Evaluate pre-trained models on demo data (Illinois and North Dakota):

python evaluate.py

This loads pre-trained weights and runs inference + few-shot adaptation for LSTM, FTL, MAML, and DANN on two representative states: IL (low domain shift) and ND (high domain shift).

Models

Method	Description	Target Data
LSTM	Baseline, trained on source domain	None
FTL	Fine-tune pre-trained LSTM on target samples	5 labeled
MAML	Meta-learned initialization, 2-step adaptation	5 labeled
DANN	Adversarial feature alignment	Unlabeled

All models share the same LSTM backbone:

Input: 13 features x 6 monthly time steps
LSTM: 1 layer, 100 hidden units
FC layers: 100 -> 100 -> 1 (regression output)

Demo Data

The demo_data/ folder contains preprocessed subsets for two U.S. states:

IL (Illinois): Low domain shift case -- 300 test + 50 adaptation samples
ND (North Dakota): High covariate/prior shift case -- 300 test + 50 adaptation samples

Each NPZ file contains:

X: Input features (N, 6, 13) -- 6 monthly aggregates of 13 variables
Y: Soybean yield in kg/ha (N, 1)
ID: County FIPS code and year (N, 2)

The 13 input features (after removing lat/lon) include EVI2, temperature, precipitation, VPD, land surface temperature, evapotranspiration, and soil moisture variables.

Raw Data

raw_data/ contains publicly available records:

US_yields.csv: County-level soybean yield (bu/acre) from USDA NASS, 2008-2021
ARG_yields.csv: Department-level soybean yield (kg/ha) from Argentina Ministry of Agriculture, 2008-2021
US_counties/: Corn Belt county boundary shapefile (12 states)

Simulations

The simulation/ directory contains APSIM crop model simulation results used to characterize the mechanistic drivers of domain shifts (Sections 2.4.1 and 3.1 of the manuscript).

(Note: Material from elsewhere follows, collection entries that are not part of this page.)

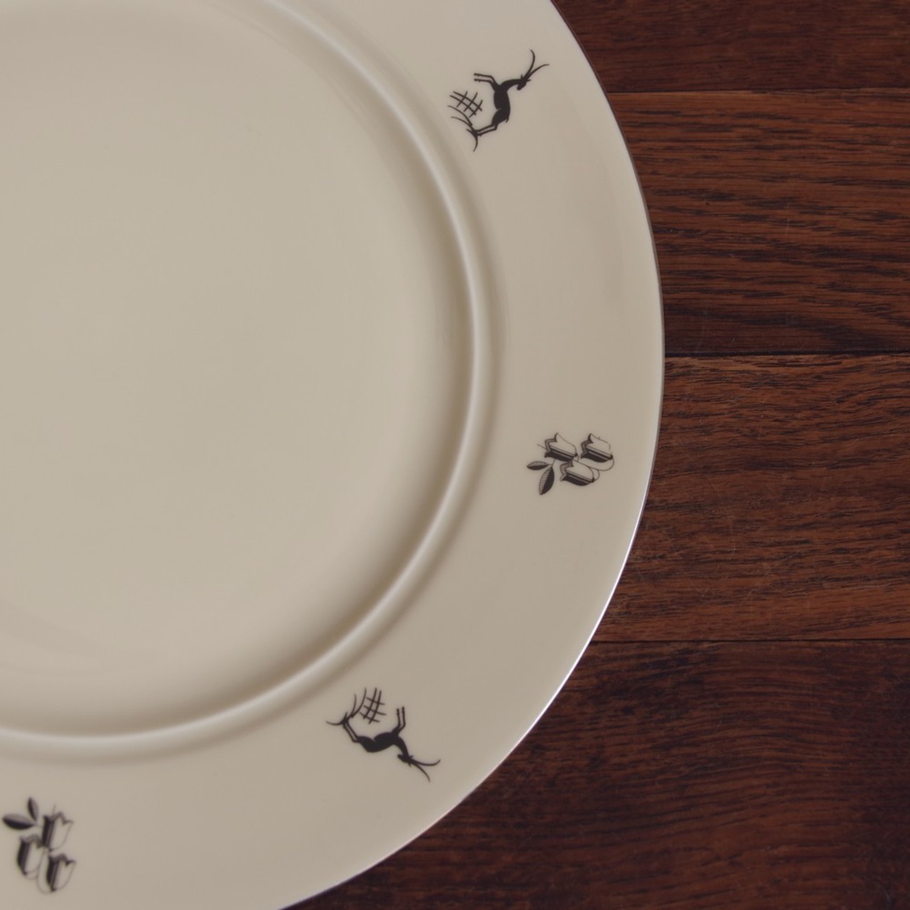 チェコスロバキア製 ヴィンテージ食器 Epiag エピアグ アナベラ 鹿 花 蜂 ディナープレート 大皿 25cm #190122-3 アンティーク 陶器 レトロ Annabella アイボリー
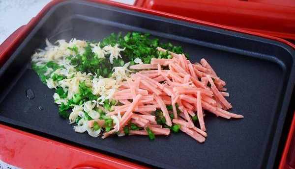2、美食鍋放入平板烤盤預熱後倒入適量的食用油燒熱,放入韭菜、火腿、蝦米翻炒至熟盛出備用
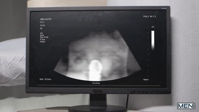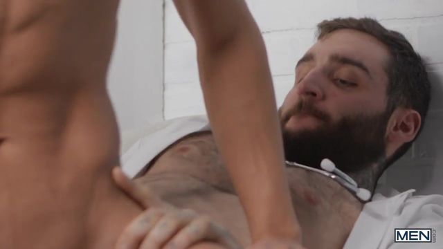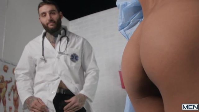 Dr. Tony D'Angelo is peeking through the gloryhole he found, watching the nurses fucking in the next room, when his next patient, Dane Jaxson, comes in and catches him with a stiffy! Tony decides to skip straight to the prostate exam, and Dane moans as the sexy doctor fingers his hole, telling him to go even deeper. Tony is happy to oblige, fucking Dane in missionary and even using the ultrasound so he can see his cock moving in and out of him! Tony does an oral exam, penetrating Dane's mouth, then fucks him doggystyle. The bottom rides the doc, stroking himself till he cums, then takes an injection of jizz in his hole!
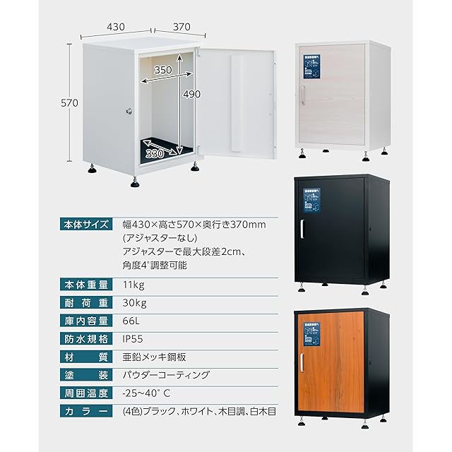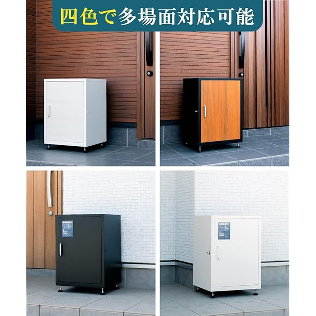 【機能性充実、面倒な組み立て不要、設置しやすい】弊社製屋外宅配 ボックスは工場で組み立て済みの完成品のままでお客様のところにお届きします。扉は両開きに対応しております。アジャスターも付いていて、傾斜地に対応しております。弊社宅配ボックス屋外仕様で亜鉛メッキ鋼板にパウダーコーティングして、防水、防塵性能は抜群です。折りたたみ式の宅配ボックスと比べたら、崩れることがなく、耐用性は比べ物ならないほど高いです。また盗難防止や台風や地震など災害時転倒防止用のアンカー、ワイヤー取り付けリング、ワイヤリング用鍵も付いております。
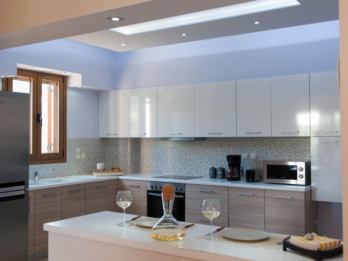 Inside, the villa boasts a generous living room furnished with a large corner sofa, a cozy fireplace for cooler evenings, and air conditioning for warmer days.
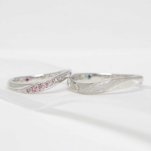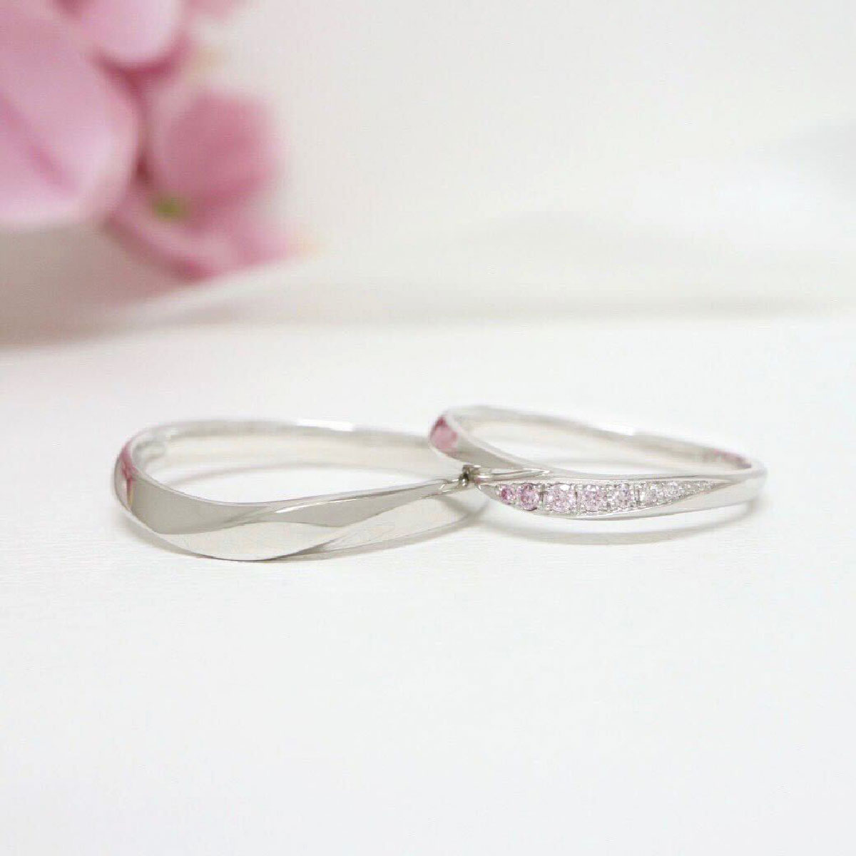 なめらかな曲線に合わせて留めたピンクダイヤのグラデーションが美しいマリッジリング。いつまでも愛し合うふたりに相応しい特別な指輪です。
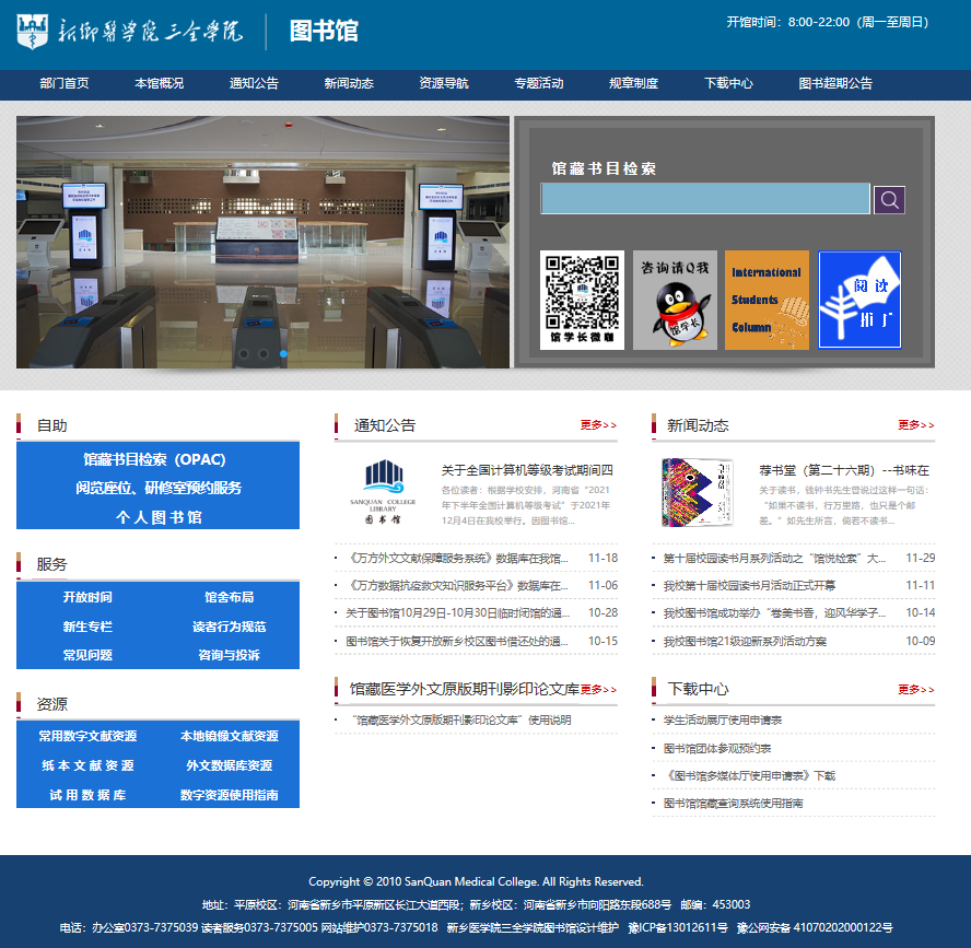 The library website gathers various literature resources such as library paper books and periodicals, electronic literature resources, usage guides, and consulting services, and all of these have the corresponding "columns" respectively, where readers can inquire the document they need in the corresponding "columns" according to their needs.
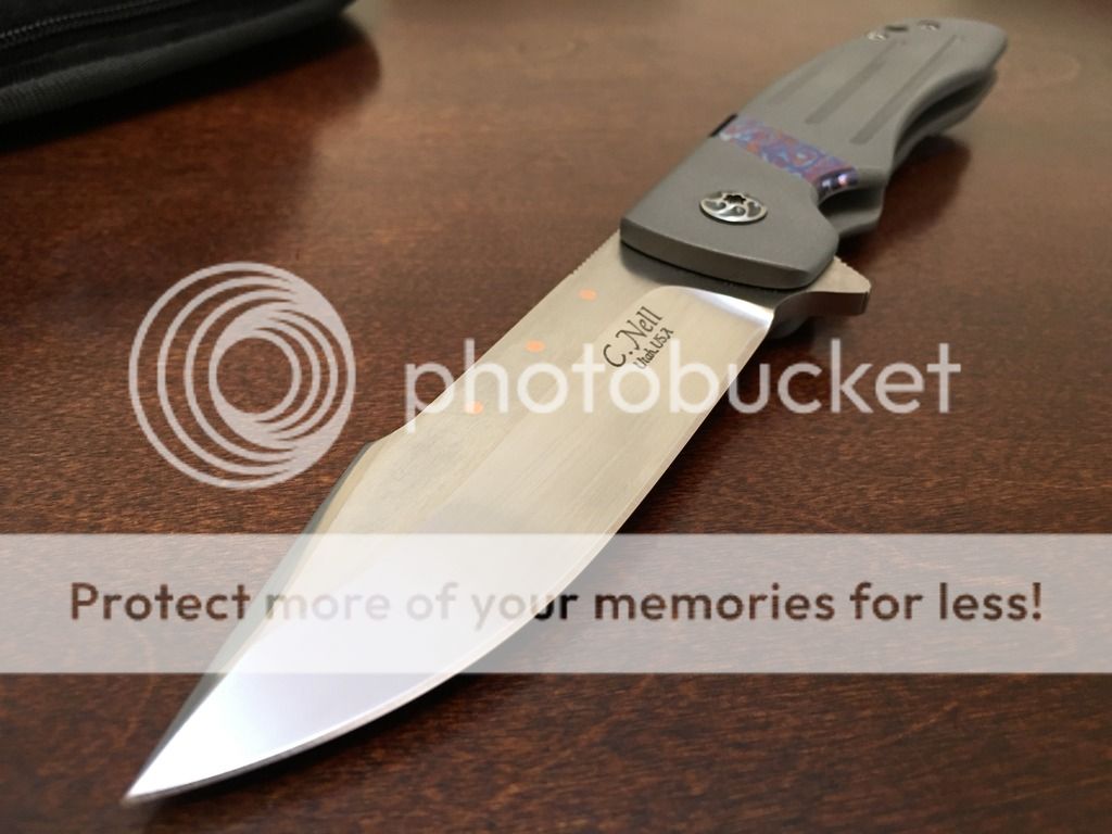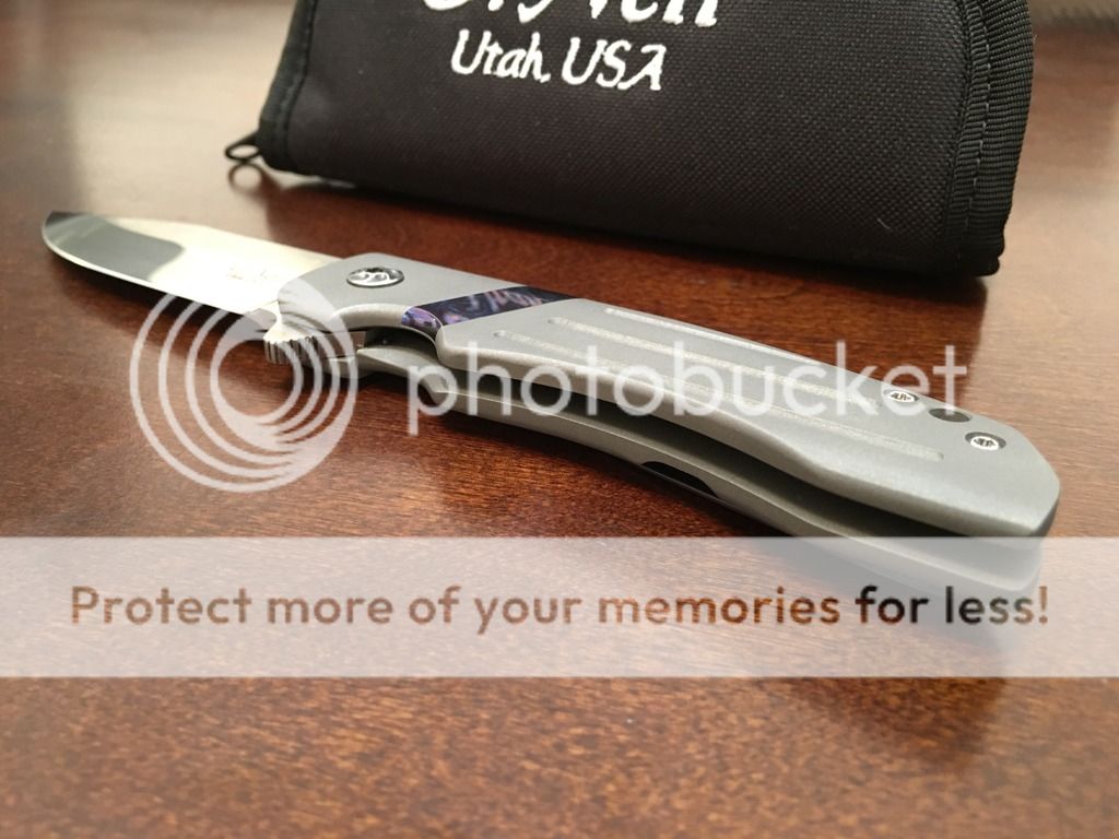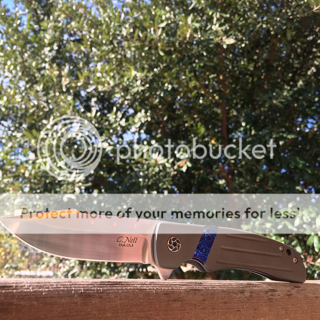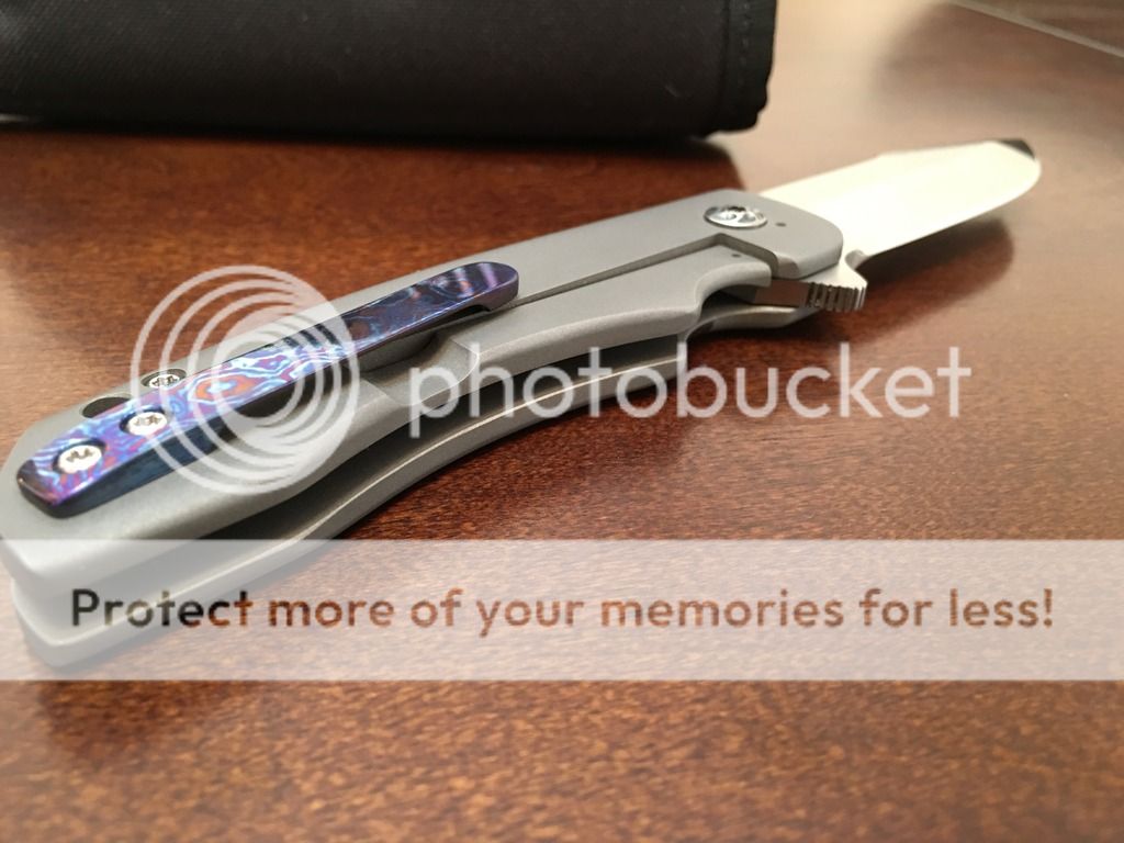 A beautiful Chad Nell designed ESG Flipper with timasucus accents that include clip, floating backspacer, and inlay. Flips smoothly and locks up at what looks like 20%. This EGS Flipper is in like new condition and usually sells for $800 by the maker.

Three sets of factorial experiments were conducted:

Part I: Environmental variation across 6 US Corn Belt locations (IA, MN, ND, KS, MO, NE)
Part II: Environment x Genotype factorial (6 climates x 8 maturity groups MG0-MG7)
Part III: Environment x Genotype x Management factorial (adding planting date variation)

To reproduce the simulation figures from the supplementary materials:

python simulation/plot_apsim.py

APSIM is freely available at https://www.apsim.info/. The .apsimx configuration files and .met weather forcing data used in this study are available from the corresponding author upon reasonable request. See simulation/README.md for detailed parameters.

Data Sources

To reproduce the full dataset from scratch, the following data sources are needed:

Data	Source	Resolution
Soybean yield (US)	USDA NASS QuickStats	County-level
Soybean yield (Argentina)	Argentina Ministry of Agriculture	Department-level
Crop mask (US)	USDA Cropland Data Layer	30 m
Crop mask (Argentina)	Song et al. (2021), Nature Sustainability	30 m
Vegetation index (EVI2)	MODIS MCD43A4	500 m
Temperature, precipitation, VPD	ERA5-Land	0.1 deg
Land surface temperature	MODIS MYD11A2	1 km
Evapotranspiration, soil moisture	GLDAS Noah	0.25 deg

All time-series variables were aggregated to monthly scale during the growing season (May-October for the U.S.; November-May for Argentina) and spatially averaged to the county/department level.

Pre-trained Weights

Folder	Files	Description
`weights/lstm/`	`lstm_state{0..11}.pth`	LSTM trained on 11 US states (leave-one-out)
`weights/maml/`	`maml_state{0..11}.pth`	MAML meta-trained on 11 US states
`weights/dann/`	`dann_state{0..11}.pth`	DANN trained on 11 US states (leave-one-out)

State flag mapping: 0=IL, 1=IN, 2=IA, 3=KS, 4=MI, 5=MN, 6=MO, 7=NE, 8=ND, 9=OH, 10=SD, 11=WI.

Citation

If you use this code or data, please cite the accompanying paper.